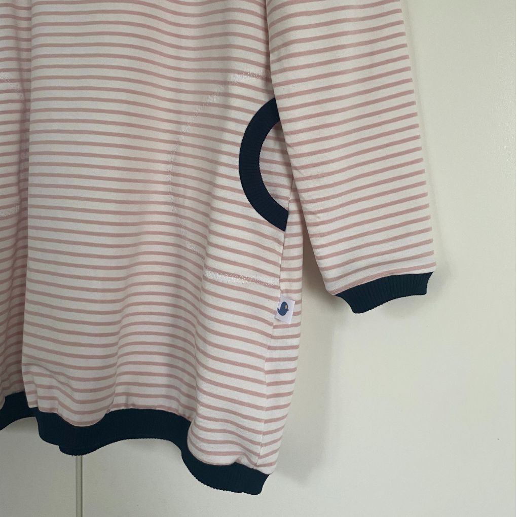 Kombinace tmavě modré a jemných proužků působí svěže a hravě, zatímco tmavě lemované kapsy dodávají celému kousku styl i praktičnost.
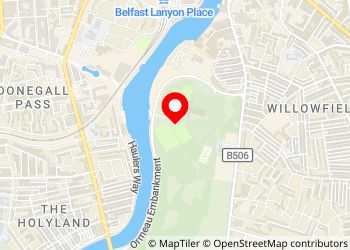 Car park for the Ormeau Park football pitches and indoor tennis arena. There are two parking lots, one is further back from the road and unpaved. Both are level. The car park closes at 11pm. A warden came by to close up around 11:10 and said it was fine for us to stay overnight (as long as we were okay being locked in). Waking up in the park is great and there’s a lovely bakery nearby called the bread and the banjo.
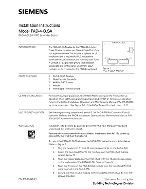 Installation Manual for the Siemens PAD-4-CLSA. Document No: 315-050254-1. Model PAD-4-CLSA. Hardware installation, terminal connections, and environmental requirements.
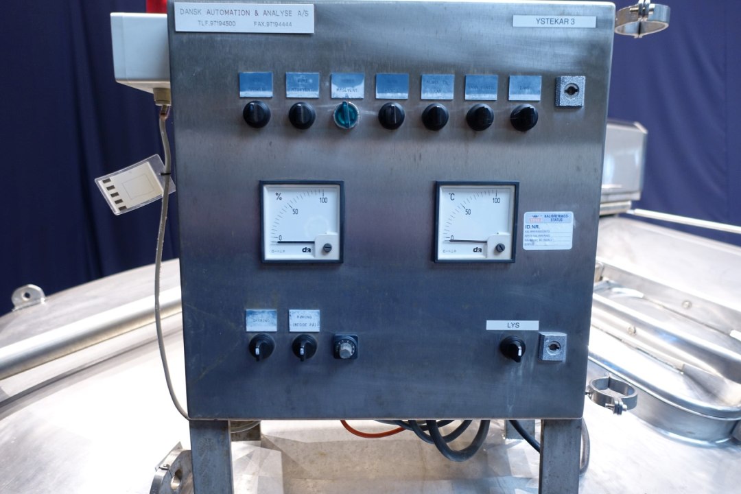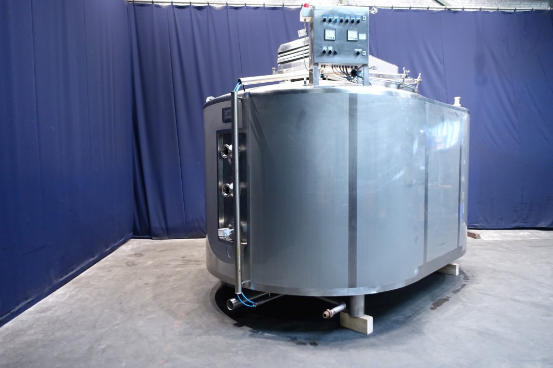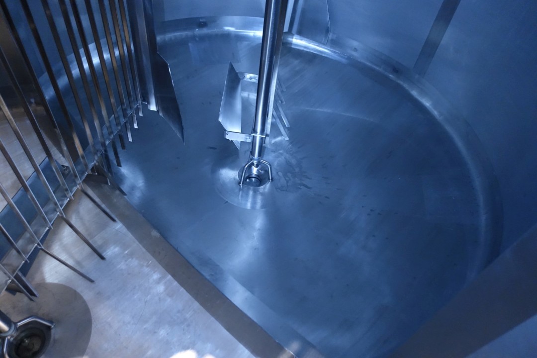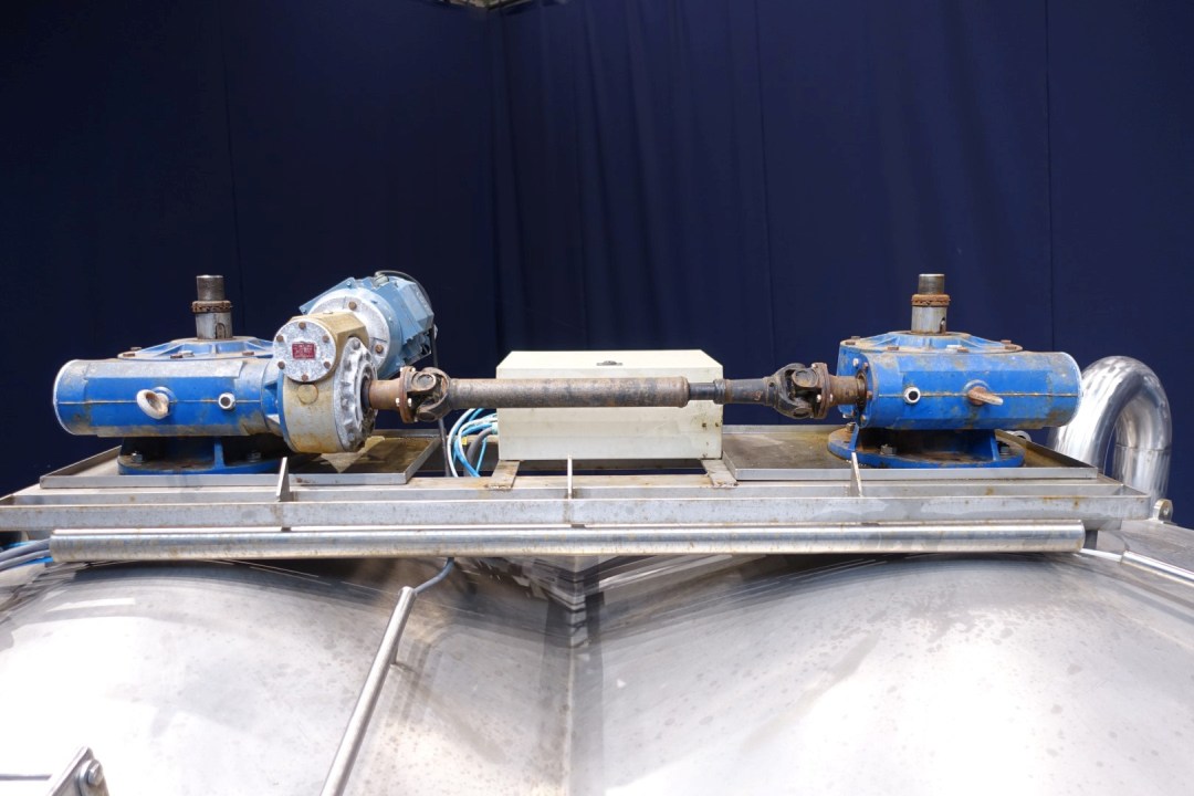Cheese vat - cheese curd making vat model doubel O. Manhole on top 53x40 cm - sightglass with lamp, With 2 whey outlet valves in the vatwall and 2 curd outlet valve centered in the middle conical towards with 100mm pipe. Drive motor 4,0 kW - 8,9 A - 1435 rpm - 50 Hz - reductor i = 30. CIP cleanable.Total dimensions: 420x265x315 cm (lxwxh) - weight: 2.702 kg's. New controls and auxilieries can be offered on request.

---

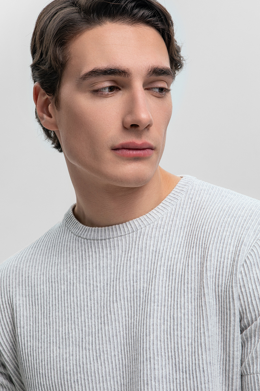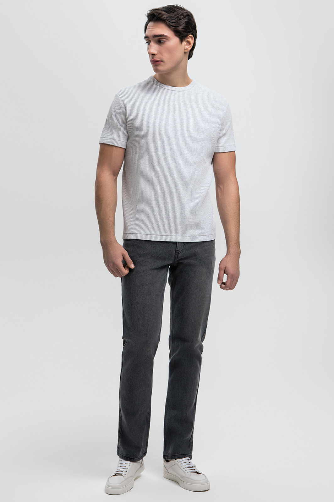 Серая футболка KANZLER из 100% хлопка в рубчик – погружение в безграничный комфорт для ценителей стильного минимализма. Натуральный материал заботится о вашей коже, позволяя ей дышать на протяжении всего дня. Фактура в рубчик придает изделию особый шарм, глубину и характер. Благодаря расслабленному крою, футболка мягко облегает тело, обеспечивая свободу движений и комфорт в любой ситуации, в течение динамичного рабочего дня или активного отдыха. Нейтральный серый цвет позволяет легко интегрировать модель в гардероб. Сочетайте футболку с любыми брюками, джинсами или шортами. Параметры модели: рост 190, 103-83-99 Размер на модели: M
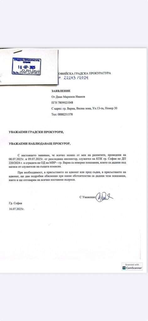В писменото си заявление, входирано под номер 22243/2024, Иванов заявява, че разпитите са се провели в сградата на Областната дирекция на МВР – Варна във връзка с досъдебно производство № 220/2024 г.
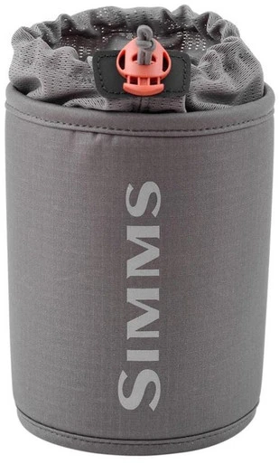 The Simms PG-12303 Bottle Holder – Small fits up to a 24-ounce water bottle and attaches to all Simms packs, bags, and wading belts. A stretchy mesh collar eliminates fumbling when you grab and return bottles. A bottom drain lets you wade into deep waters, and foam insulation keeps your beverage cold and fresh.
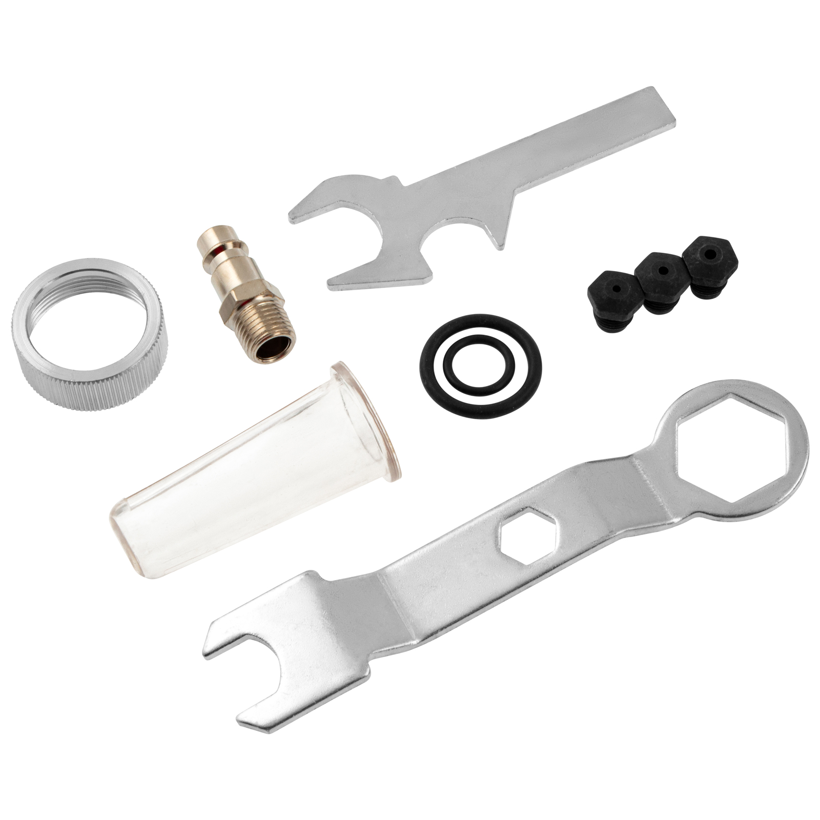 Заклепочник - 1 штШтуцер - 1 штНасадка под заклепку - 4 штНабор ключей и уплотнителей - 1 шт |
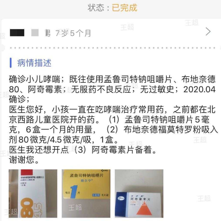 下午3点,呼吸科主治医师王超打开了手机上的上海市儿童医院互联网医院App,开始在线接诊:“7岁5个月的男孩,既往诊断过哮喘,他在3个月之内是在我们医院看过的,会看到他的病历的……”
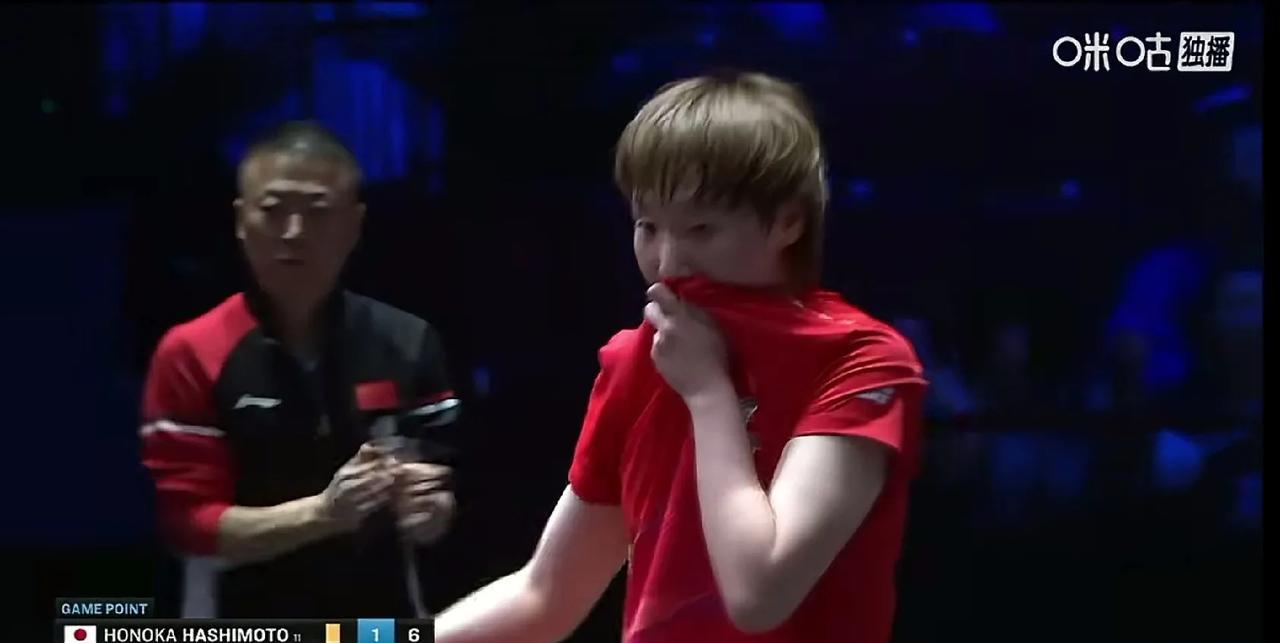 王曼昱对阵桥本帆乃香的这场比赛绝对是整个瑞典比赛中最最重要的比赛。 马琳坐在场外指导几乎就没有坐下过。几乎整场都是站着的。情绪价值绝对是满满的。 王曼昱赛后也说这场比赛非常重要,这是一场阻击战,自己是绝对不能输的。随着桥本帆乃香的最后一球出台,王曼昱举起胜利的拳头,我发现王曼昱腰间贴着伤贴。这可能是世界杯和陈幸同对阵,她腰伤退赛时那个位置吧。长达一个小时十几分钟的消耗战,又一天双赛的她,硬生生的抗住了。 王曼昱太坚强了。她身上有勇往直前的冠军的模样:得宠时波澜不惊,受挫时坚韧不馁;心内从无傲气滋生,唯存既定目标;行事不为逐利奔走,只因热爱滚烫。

→ **Work task**
Look above for the line with "Kombinace tmavě modré", then give again exactly every line from there through the line with "Cheese vat - cheese", skipping the pictures.

→ **Result of this exercise**
 Kombinace tmavě modré a jemných proužků působí svěže a hravě, zatímco tmavě lemované kapsy dodávají celému kousku styl i praktičnost.
 Car park for the Ormeau Park football pitches and indoor tennis arena. There are two parking lots, one is further back from the road and unpaved. Both are level. The car park closes at 11pm. A warden came by to close up around 11:10 and said it was fine for us to stay overnight (as long as we were okay being locked in). Waking up in the park is great and there’s a lovely bakery nearby called the bread and the banjo.
 Installation Manual for the Siemens PAD-4-CLSA. Document No: 315-050254-1. Model PAD-4-CLSA. Hardware installation, terminal connections, and environmental requirements.
Cheese vat - cheese curd making vat model doubel O. Manhole on top 53x40 cm - sightglass with lamp, With 2 whey outlet valves in the vatwall and 2 curd outlet valve centered in the middle conical towards with 100mm pipe. Drive motor 4,0 kW - 8,9 A - 1435 rpm - 50 Hz - reductor i = 30. CIP cleanable.Total dimensions: 420x265x315 cm (lxwxh) - weight: 2.702 kg's. New controls and auxilieries can be offered on request.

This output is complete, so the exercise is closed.